But, yes, veterans benefits are too generous to the extent that they become a reward for being in the military - such as, for example, veterans' preferences in civil service jobs are - and especially when they single out veterans for opportunities such as for higher education and housing that are becoming increasingly financially impossible for most of the rest of us.
Put another way, I do not object to or resent any veteran taking advantage of any benefits to which they are legally entitled: They are there to be used. If you're legally entitled to it, take it. But that is born of the general principle that I would advocate for the right of anyone to get any help which they truly need.
Put yet another way, I am opposed to soldiers getting benefits simply for having been soldiers when those benefits are not equally available to others with equal need and equal opportunity for personal advancement.
But even so, even again, if that's all there was to it, it still might not seem like a great big huge deal. But that's not all there is to it. The emotional embrace of soldiers as "our heroes," as some sort of disembodied ideal, has implications beyond the immediate ones, beyond questions of public support and access to programs and beyond as well the immediate experience of our recent and present wars.
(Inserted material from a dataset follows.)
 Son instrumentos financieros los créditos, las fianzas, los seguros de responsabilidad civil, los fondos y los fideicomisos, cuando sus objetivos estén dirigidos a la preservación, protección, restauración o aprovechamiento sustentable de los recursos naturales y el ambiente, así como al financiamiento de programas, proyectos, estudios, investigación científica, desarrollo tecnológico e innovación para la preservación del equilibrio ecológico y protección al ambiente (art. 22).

Because within that embrace, it becomes easy to absorb, absorb so deeply that one is unaware of it, the idea that a veteran's take on military matters - and by extension, all of foreign policy - is inherently more valuable than that of others not by virtue of knowledge or logic or informed comment but simply by virtue of being a veteran. We regarded it (correctly) as a scandal several years ago when media outlets used retired generals who were actually Pentagon-trained PR flacks as "experts" on military and foreign policy questions - but an overlooked point is that the reason retired generals were so prominent in that number was that their status as military people gave them added credibility in the eyes of many viewers and the ears of many listeners.
In our pursuit of "support the troops," we have fallen prey to that same attitude, one that regards the statements of war veterans as more valuable, more telling, than those of non-veterans. That is, we embrace the militarist, the Pentagon, view of world affairs simply because it is the Pentagon.
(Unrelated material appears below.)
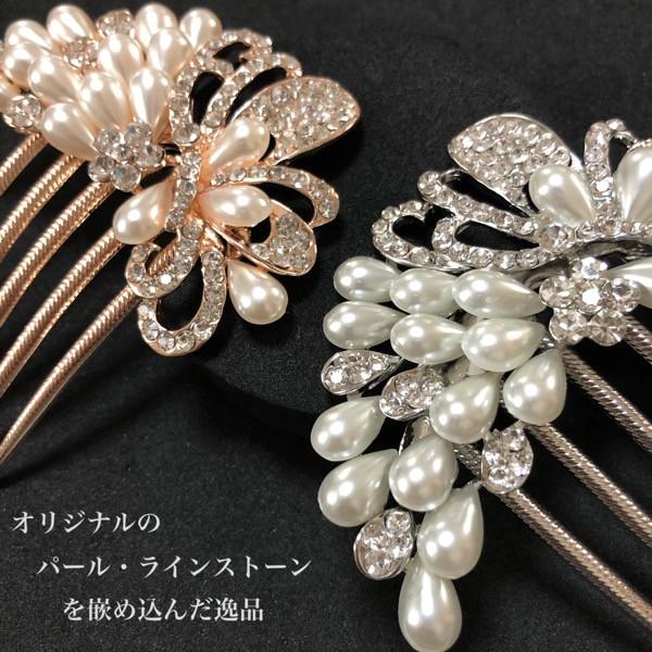 パールとラインストーンを1つ1つ丁寧に嵌め込んだヘアコーム。

It even has become fairly common to hear dismissive references to those who "never saw combat." At first, that was a legitimate argument, because it was directed against those derided as chickenhawks, those rightwingers who were eager for fights, ready for wars, provided they did not have to take part in them. But increasingly it has been used as an all-purpose put-down, even against those on the left who have criticized soldiers - as, I imagine, it would be directed against me (a non-veteran and a Vietnam-era draft resister) were my voice loud enough to attract the attention.
Chelsea Manning |
Yes, they do. And "our heroes" were doing them. Which was and is, even as the deniers seemed and still seem incapable of recognizing it, the point. We as a culture, as a society, as a people, wanted to give a blanket pass to all soldiers, to remove from them all their responsibility for their own actions. That is an idea we were supposed to have rejected nearly 70 years ago now; apparently, we haven't. Instead, we put our judgment not on those who commit the crimes but on those who tell us about them - such as Chelsea Manning, now spending 35 years in prison for having done precisely that.
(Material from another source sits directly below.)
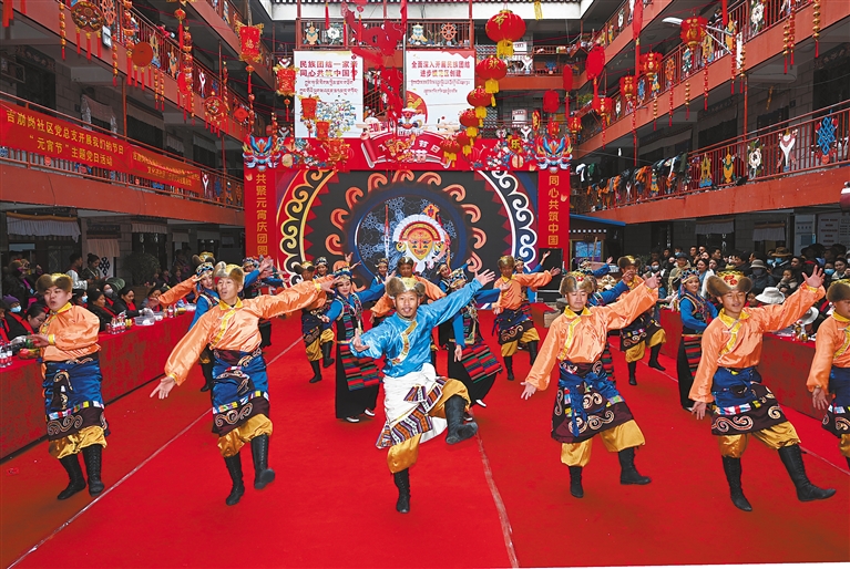 2025年2月23日,吉崩崗街道德賽大院開展慶元宵活動,雪巴拉姆藝術(shù)團舞蹈演員正在表演節(jié)目。(資料圖片)

Soldiers are not heroes. They can be heroes, they can become heroes, they can act heroically, they can do heroic things - but the act of putting on a uniform and agreeing to put your conscience in a lockbox for the next so many years does not make your life more important than others, it does not make your contributions more valuable than others, it does not make you more deserving of aid than others, it does not make your opinions and insights more worthy of respect than others, it does not exempt you from moral judgment.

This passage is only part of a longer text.